Isabel Gatuslao used the round typeface called Circular as a nod to “Yayoi’s consistent lifelong obsession with the polka dot.” She adds: “Circular is a very new, awkward, almost cartoony typeface—it’s so round, look how wide the g is! Not as sophisticated as Helvetica.” The use of Yayoi’s trademark colors, solid red, black, white, and yellow, create a clean and very Japanese backdrop for the various applications.

“To keep the system cohesive and well-integrated, the polka dot acts as the base for all the pictograms and directional arrows for wayfinding,” Gatuslao explains. “You know how the coffee icon is always drawn with swirly lines above the cup to depict heat and aroma? Since all my pictograms were based on the polka dot, I sliced two circles into two halves and slid the right halves down.”

The result

“Every week,” Gatuslao recalls, “we had to submit something.
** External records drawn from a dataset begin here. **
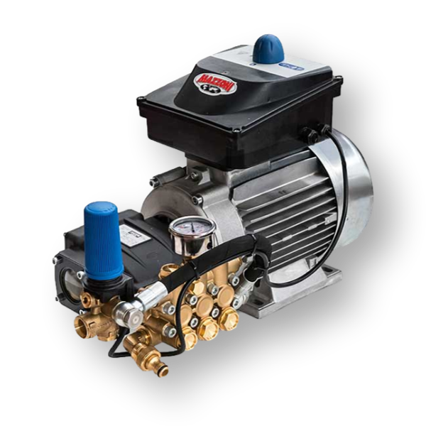 Deze complete Mazzoni PM10 pompset is uitgevoerd met 3 hogedruk zuigers en een messing kop. Deze pomp staat bekend om zijn hoge prestaties en betrouwbaarheid.
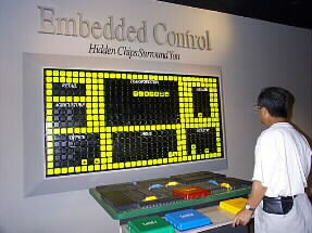 Just beside of the room is a display corner easily illustrating the history of the company. The corner was crowded with young visitors. This is an enlarged model of a chip. When you put green or blue chips into the grid, the panel pattern changes to illustrate how a chip works. Now, I have just put a red chip. |
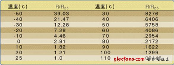 用來測量溫度的傳感器種類很多,熱敏電阻器就是其中之一。許多熱敏電阻具有負(fù)溫度系數(shù)(NTC),也就是說溫度下降時(shí)它的電阻值會升高。在所有被動(dòng)式溫度傳感器中,熱敏電阻的靈敏度(即溫度每變化一度時(shí)電阻的變化)最高,但熱敏電阻的電阻/溫度曲線是非線性的。 圖1是一個(gè)典型的NTC熱敏電阻器性能參數(shù)。
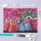 Expressive, fantaisie élégante marionnettes vénitiennes anciennes de! 700, costumes rouges et éclatants, coloré, masques vénitiens artistiques avec plumes paon et scintillants d'imaginaire bleu violet doré, Collage numérique original et design graphique de Bulgan Lumini - Baldesign3d (c)
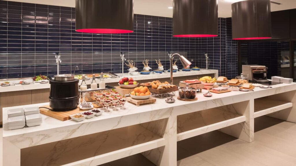 Fuel up before hitting the exhibition floor. The hotel buffet is exactly what you’d expect from a Hyatt in Schaumburg: milky eggs, greasy bacon and puffy bagels. Still, it’s a chance to randomly sit with someone alone and spark a great modular chat. Better yet, grab a crew and take the 10–15 minute walk to Wildberry or First Watch. Both serve a breakfast actually worth eating.
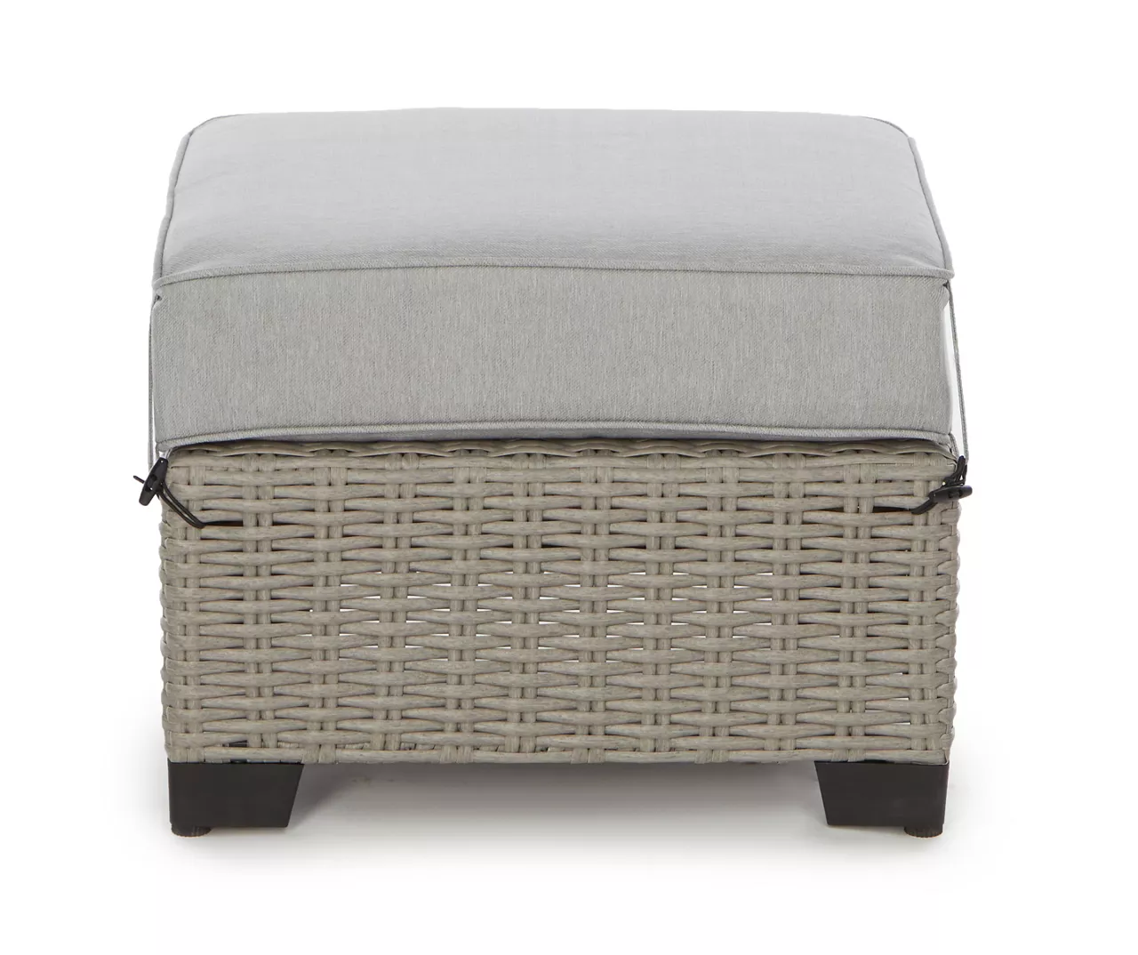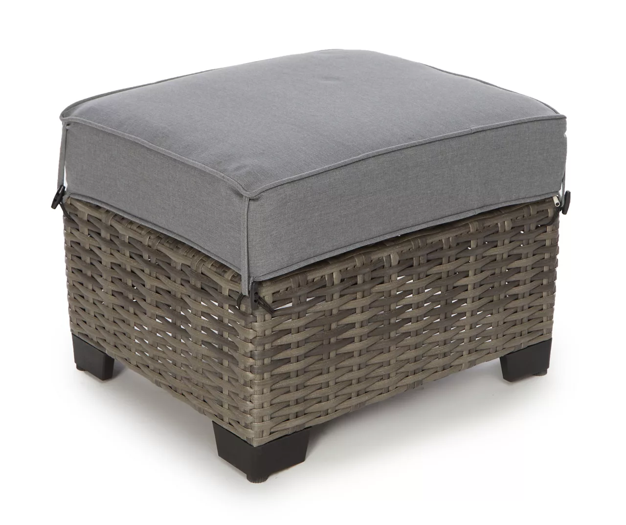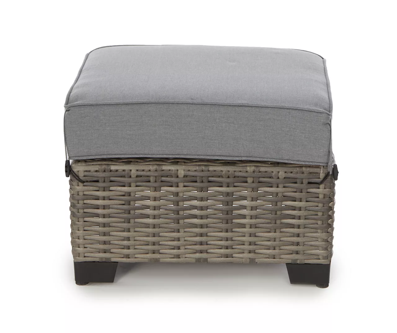 Take a moment to relax in your favorite outdoor spot using the Pembroke ottoman by Broyhill. The square profile exudes design with a clean-line profile construction with half-round all-weather wicker along the base. Topped with a deep, oversize seating cushion made from fade-resistant olefin fabric in gray, this ottoman is perfect for using as an extra seat or for kicking your feet up on.
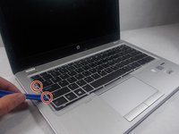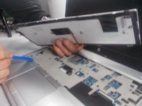 Using a plastic opening tool, push the tabs in while pulling up to disconnect the tabs from the keyboard frame.
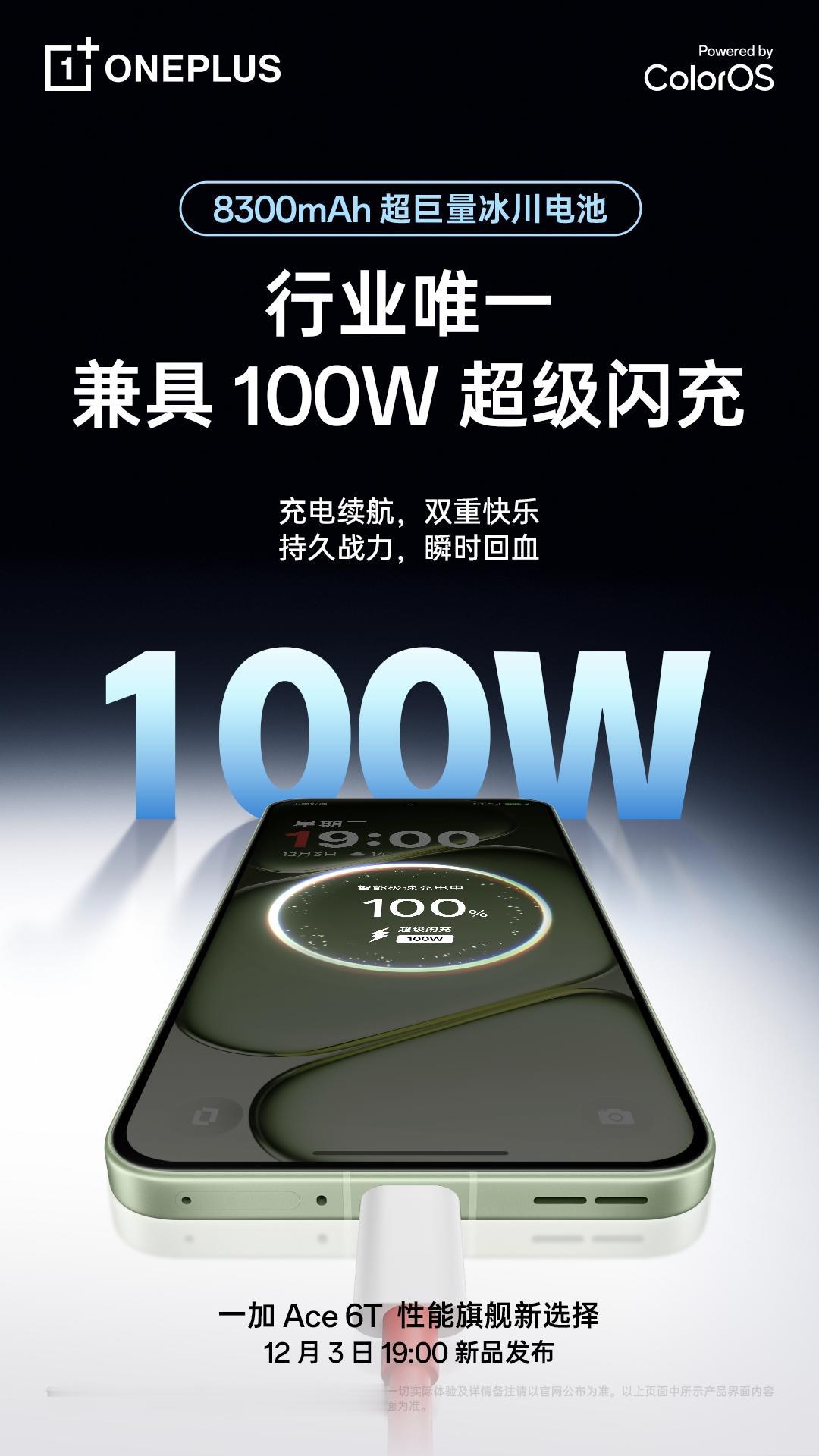 【一加Ace 6T搭载8300mAh冰川电池】据一加中国区总裁李杰介绍,一加Ace 6T将全球首发8300mAh超巨量冰川电池,是目前全球电池容量最大的性能旗舰,正式引领旗舰手机电量进入8000+mAh时代。此外,一加Ace 6T还首发搭载高通第五代骁龙8移动平台,配备金属中框,还有1.5K165Hz高刷屏,游戏体验拉满。目前市面上主流的FPS电竞手游,Ace 6T全部支持原生165超高帧模式,配合新一代风驰游戏内核、冰河散热系统以及行业领先的陀螺仪,该机将于12月3日正式发布。

The first week was, what typography are you gonna use? What color? What imagery? And then, our teacher’s rule was to ‘Eliminate, eliminate, eliminate as much as you can!’ Martí Ferré always challenged our designs. He was always like, ‘What is that thing there? WHY is it there?’ Everything has to have a reason. And it has to entertain, be emotional, be relevant.”

There was no detail too small to escape Ferré’s notice. And Ferré noticed that there was no detail too small for Gatuslao’s lavish attention. The result is entirely endearing, wonderful and weird. Her Proyecto Aplicaciones, along with her Proyecto Final (featured in Volume 3, 2016), was among the chosen few of her batch to be exhibited last January 2016 at the Espai Barra de Ferro in Barcelona, a distinction reserved for the best works by EINA students.

In a few months, Gatuslao goes back to Barcelona to fuss over minutiae such as serifs, ears, tittles and spurs. “Some typefaces take two years to make, some take ten—some take forever!” She can hardly wait. It’s the small details that make perfection, and for Gatuslao, perfection is assuredly no small thing. 

This article first appeared in BluPrint Vol 4 2016. Edits were made for Bluprint.ph.